Instructions to follow:
Take the data below and write it out exactly, except for the pictures.

Input data:
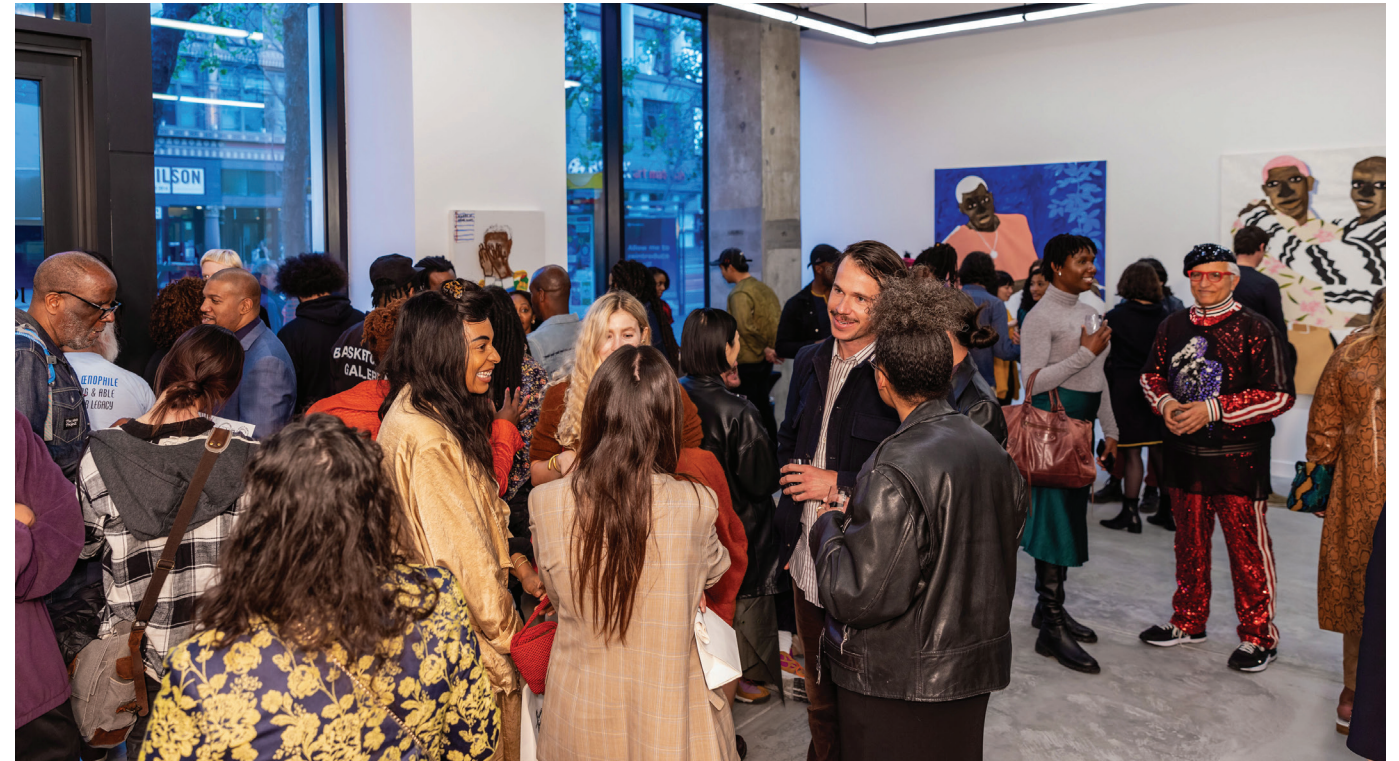
Jonathan Carver Moore Gallery (above) and Fermentation Lab (below)

IKEA NOW OPEN The much anticipated IKEA is complete with a food hall and on-site indoor parking. The new coworking space will open next year.
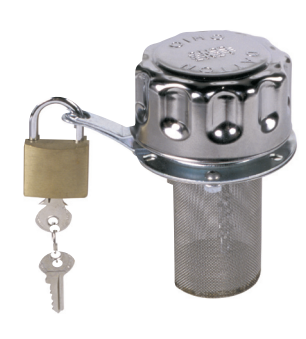
Locking cap-3/8" Hole Accepts Padlock

Prevents tampering of equipment. See page 1-2b.

Exercise output:
Jonathan Carver Moore Gallery (above) and Fermentation Lab (below)

IKEA NOW OPEN The much anticipated IKEA is complete with a food hall and on-site indoor parking. The new coworking space will open next year.
Locking cap-3/8" Hole Accepts Padlock

Prevents tampering of equipment. See page 1-2b.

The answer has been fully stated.